Spain is emerging as an attractive tourist destination, while impressing with its remarkable economic growth rate, competing with even the United States.
Spain is emerging as an attractive tourist destination, leading Europe in growth and competing on par with the US. (Source: sandaya.co.uk) |
Many factors have contributed to the economy's resilience, from a boom in tourism to its resilience to global fluctuations.
Tourism has played a key role in Spain's economic growth in recent years. According to the Bank of Spain, it is a "fundamental" driver that will help Spain become the fastest-growing major economy in Europe by 2024, even surpassing the United States, according to estimates by the International Monetary Fund (IMF).
Spain's gross domestic product (GDP) could grow by 3.1% in 2024, compared with an estimated 2.8% growth in the US, the IMF said. Europe's fourth-largest economy is also expected to post strong growth of 2.7% in 2023.
Spain's Economy Minister Carlos Cuerpo has said tourism is a key factor in the country's strong growth from 2021 onwards, following the Covid-19 pandemic.
Other experts agree. Toni Roldan, director of the Esade Center for Economic Policy, said the tourism industry is doing very well and has changed in nature. Spanish tourism is no longer just about “cheap beach vacations” but also includes high-end experiences such as visiting famous wineries.
Spain’s Ministry of Industry and Tourism estimates that 94 million foreign tourists visited last year, a record number, spending around 126 billion euros ($132 billion). Tourism’s contribution to the economy has also increased significantly, accounting for more than 12% of Spain’s GDP in 2023 and almost the same proportion of total employment.
In addition, immigration has also contributed to Spain's economic growth. About half a million net immigrants have arrived in Spain each year since 2021, adding to the country's labor and consumer base.
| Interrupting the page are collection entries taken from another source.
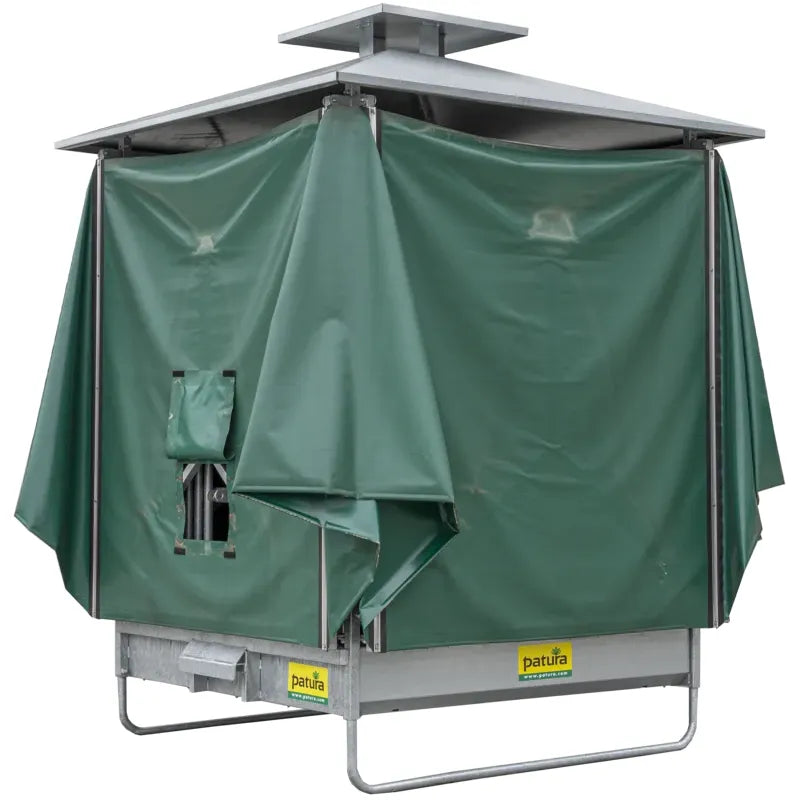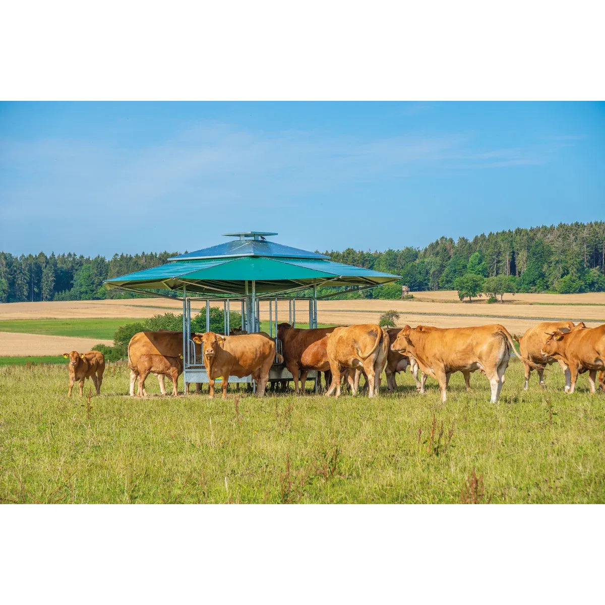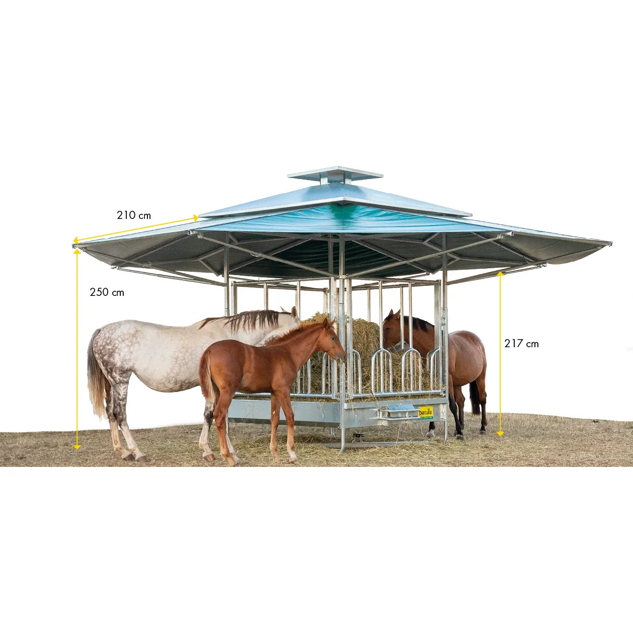 The new climatic rack is based on the tried and tested Profi square racks. The roof for the climate-controlled rack can be combined with all six feed fence variants. This innovative roof construction is mounted directly on the base frame of the rack. Due to the special design, the rack offers a very large roof area (36m² ) and provides a pleasant cooling effect thanks to the built-in chimney. The chimney effect always generates air movement, which creates a pleasant climate for the animals and also keeps annoying flies away. This creates an attractive place for the animals to eat and at the same time protects them from direct sunlight and rain.
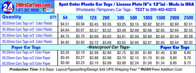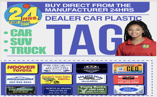 24hrs fast Print Tags is your one-stop shop for Dealer Tags, Custom Tags, & More!!!
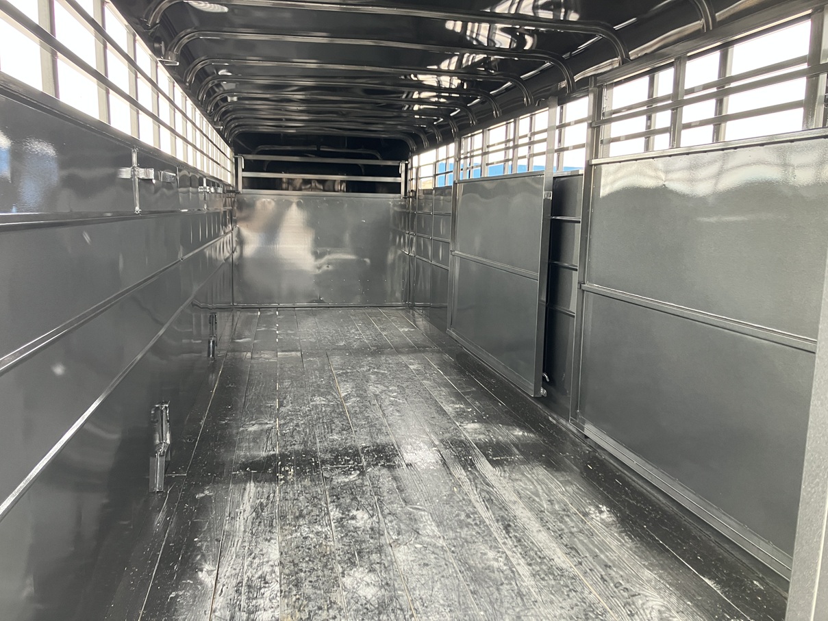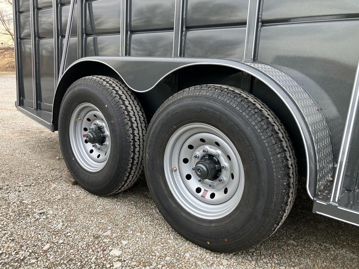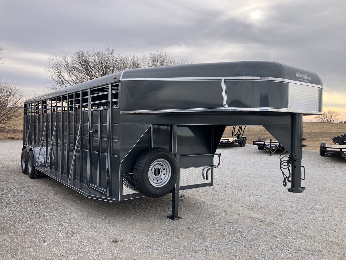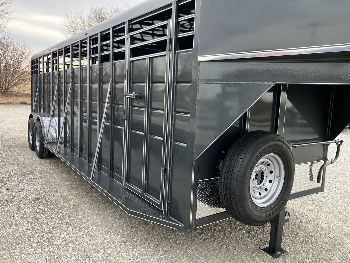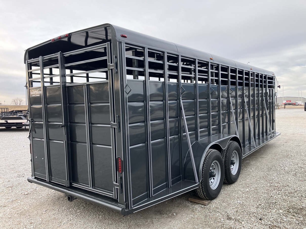 On Order - 2026 Calico Trailer MFG - 24' Gooseneck Stock Trailer - 6'8" Wide - 6'6" Tall - 7,000# Dexter Torflex Torsion Axles - Electric Brakes on Both Axles - Break Away Kit - Safety Cables - 10 Ply Radial Tires - Silver Mod Wheels - Spare Mount - Spare Included - Maxwell Aerodynamic Nose - Bull Package - 16" OC Wall and Floor Supports - LED Lights - 2-5/16" Adjustable Gooseneck Coupler - 2 Cut Gates - Full Swing Slider Rear Gate w/Locking Bull Bar - Slam Latches on All Gates - Lay Down Gate in Neck - Tie Rings- Gravel Guards in Front and over Fenders - Full Length Running Boards - Lengthways Treated Flooring - 1 Year Warranty

Since most immigrants come from Latin America, economic integration is easier due to language and cultural similarities.
Another advantage for Spain is that it sources natural gas mainly from North Africa, which will help it avoid sharp energy price increases after the Russia-Ukraine conflict in 2022. Meanwhile, high energy costs have held back German industry, one of the factors that has weakened Europe’s largest economy over the past two years.
Another strength of Spain is that it is less dependent on exporting goods to the US than other European countries.
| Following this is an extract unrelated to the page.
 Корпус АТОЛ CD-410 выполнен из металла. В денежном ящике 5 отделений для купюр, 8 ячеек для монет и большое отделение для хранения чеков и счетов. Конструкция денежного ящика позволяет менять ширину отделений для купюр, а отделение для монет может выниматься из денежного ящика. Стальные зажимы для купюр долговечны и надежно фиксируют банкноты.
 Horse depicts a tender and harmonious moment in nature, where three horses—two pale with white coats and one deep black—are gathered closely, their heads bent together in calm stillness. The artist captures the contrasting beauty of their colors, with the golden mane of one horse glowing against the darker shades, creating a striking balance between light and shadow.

Spain’s exports to the US will account for just 1.3% of GDP in 2023, compared with 3.1% for the 20 economies that use the euro, George Buckley, Nomura’s chief European economist, said, citing IMF data. That means Spain will be less affected by the proposed import tariffs on goods proposed by US President Donald Trump.
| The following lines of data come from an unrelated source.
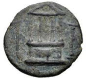 Altar before tetrastyle temple on high podium, with scroll ornament in pediment; isolated column to either side.
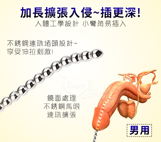 另類玩虐刺激 ‧ 不銹鋼尿道馬眼連珠彎弧 擴張入侵長棒 - 2號﹝直徑0.6公分/全長25公分﹞
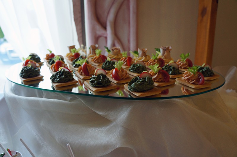 W tle słychać było muzykę graną przez zespół weselny Jurasi, a głodni i spragnieni odwiedzający mogli skosztować przekąski przygotowane przez salę weselną Rotunda oraz drinki serwowane przez barmana.
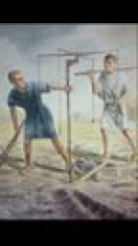 nachgebaut nach einer Abbildung im römischen Nationalmuseum. Das Gerät wurde mit einer Eichhypothenuse gebaut, die eine Kontrolle des rechten Winkels ermöglicht. Es gibt dazu keine Vorlage, diese
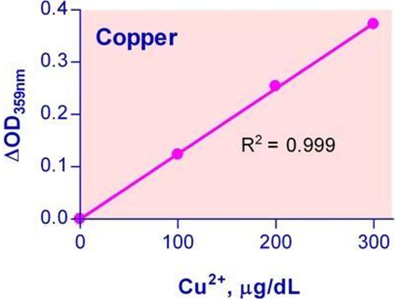 Sensitive and accurate. Linear detection range 7 µg/dL (1.0 µM) to 300 µg/dL (47 µM) copper in 96-well plate assay. Simple and high-throughput. The simple procedure can be readily automated as a high-throughput assay in 96-well plates for thousands of samples per day. Improved reagent stability and versatility. The optimized formulation has greatly enhanced reagent and signal stability. Cuvet or 96-well plate assay.
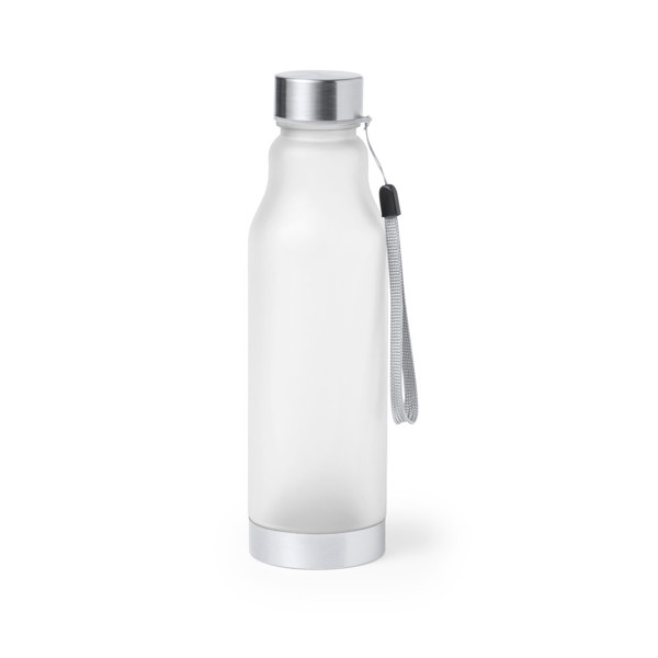 Bidón de 600ml de capacidad. Libre de BPA, con cuerpo de RPET elaborado a partir de plástico reciclado, para así fomentar la reutilización de residuos plásticos y contribuir a la sostenibilidad del planeta. Tapón a rosca en acero inox, con cordón de transporte y base a juego. Disponible en variada gama de colores. 600 ml
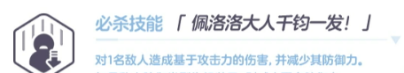 必杀技能「佩洛洛大人干钧一发!」针对单体,对一名敌人造成伤害,同时降低对方的防御力。遇到轻装甲类型的敌人,防御力削减的幅度会更大。这个技能单看伤害,可能不算特别亮眼,但它给队友创造了更好的输出条件。对方防御低了,队里的输出角色,自然能打出更高的数字。
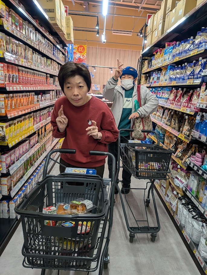宮前ホームでは、先日新しくオープンしたダイレックスへ買い物に出かけました。普段利用しているコンビニやスーパーとは一味違う、広い店内や品揃えに皆さん興味津々で、同じ商品しか選ばない方も今日は違うものを手に取ってみたりと新しい挑戦をしている様子を見れた事がとても印象的でした。
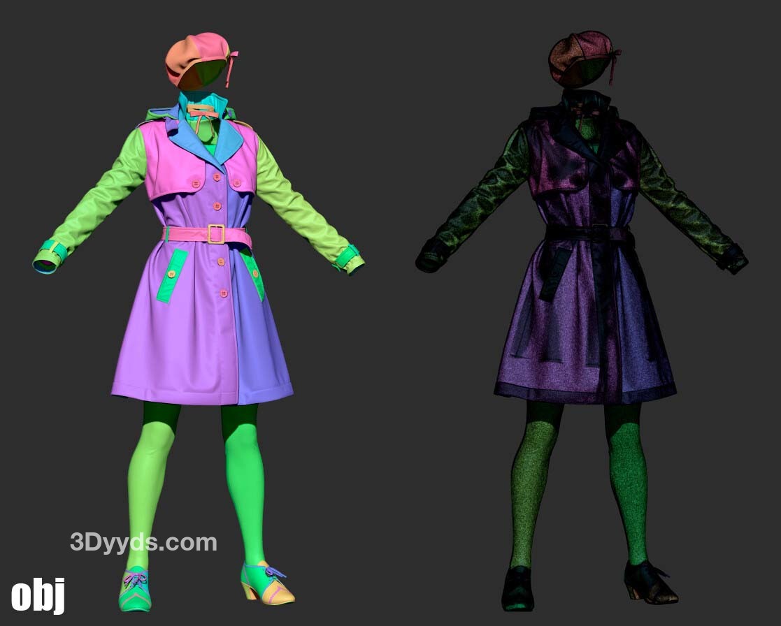(从Marvelous Designer导出的高面数三角网格),不包含贴图和顶部缝线。
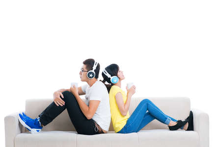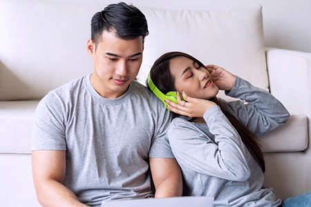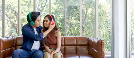Young lovers spend time together on holidays in the living room. Asian man help his girlfriend listen to music with headphones.
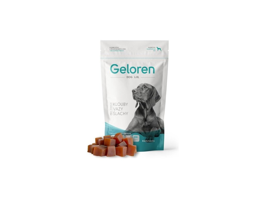 Geloren dog L-XL ve formě ochucených žvýkacích kostek je určený pro velká plemena psů. Napomáhá regeneraci kloubů u řady pohybových problémů. Slouží také jako prevence pro prodloužení aktivního života psa.
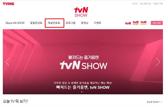 - tvn show 채널번호 확인방법
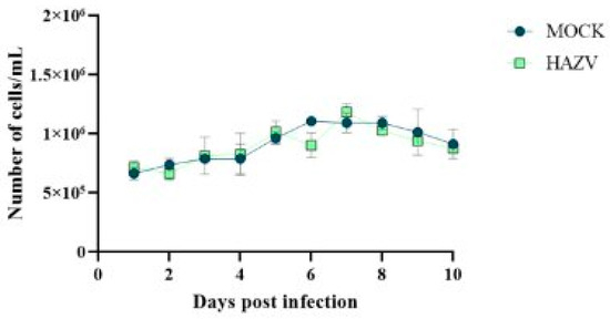 Cell viability in HAZV-infected and uninfected tick cells over 10 days. The graph illustrates the number of live cells per mL in HAZV-infected (MOI 0.1) and uninfected (MOCK) HLE/LULS42 cells over a 10-day post-infection period. Error bars represent standard deviation (S.D.).

Although economists predict a slowdown in Spain's growth, the country is still expected to continue to outperform the Eurozone over the next year or two.
The IMF forecasts Spain will grow 2.3% this year, while the eurozone is forecast to grow 1% and the US economy 2.7%. However, weaker US growth in 2025 will leave the US far behind Europe’s “star” economy, according to Citi, which has similar growth forecasts for Spain and the eurozone.